Re: [PATCH v3] config: add support for http.<url>.* settings

Jeff King <peff@xxxxxxxx> · Mon, 15 Jul 2013 00:43:38 -0400

On Fri, Jul 12, 2013 at 06:07:35AM -0700, Kyle J. McKay wrote:

> >It looks like you're matching the URLs as raw strings, and I don't see
> >any canonicalization going on. What happens if I have
> >"https://example.com/foo+bar"; in my config, but then I visit
> >"https://example.comfoo%20bar";?
> 
> The documentation for http.<url>.* says:

Yes, I know. My question was more rhetorical, as in "what _should_
happen". It seems unfriendly not to do at least some basic
canonicalization with respect to encodings.

> >That does make your by-length ordering impossible, but I don't
> >think you
> >can do it in the general case.
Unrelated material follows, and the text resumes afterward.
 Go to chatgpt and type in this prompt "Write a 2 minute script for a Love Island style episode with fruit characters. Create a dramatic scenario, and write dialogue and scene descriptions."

If I have:
> >
> > [http "http://peff@xxxxxxxxxxx";] foo = 1
> > [http "http://example.com:8080";] foo = 2
> >
> >and I visit "http://peff@xxxxxxxxxxx:8080";, which one is the winner?
> 
> If I were to spilt everything out, then I would only have the second
> one match.  The first config is on a different port, quite possibly
> an entirely different service.  It shouldn't match.
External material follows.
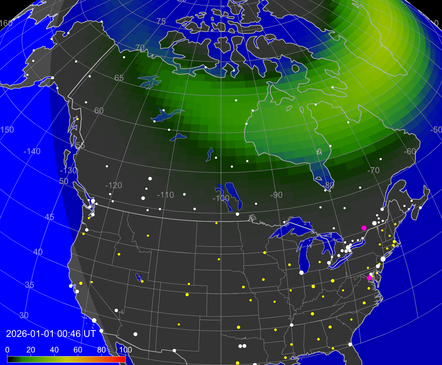 Вероятность полярных сияний в городах США

Yeah, sorry, that was a bad example, because a missing port is not
"do not care", but rather "default port". A better example is:

  [http "http://peff@xxxxxxxxxxx/";] foo = 1
  [http "http://example.com/path/";] foo = 2

If we see the URL "http://peff@xxxxxxxxxxx/path/foo";, I would expect the
second one to match (it does not under a pure-prefix scheme). If we were
to make it match, you cannot say which of the two entries is "more
specific" they are both specific in different ways.

> I don't think it's necessary to split the URL apart though.  Whatever
> URL the user gave to git on the command line (at some point even if
> it's now stored as a remote setting in config) complete with URL-
> encoding, user names, port names, etc. is the same url, possibly
> shortened, that needs to be used for the http.<url>.option setting.

I'm not sure I agree with this. The URL handed to git is not always
typed directly by the user. E.g., it might be cut-and-paste from an
email or website, or it may even be fed by a script (e.g., the "repo"
tool will pull URLs from its manifest file).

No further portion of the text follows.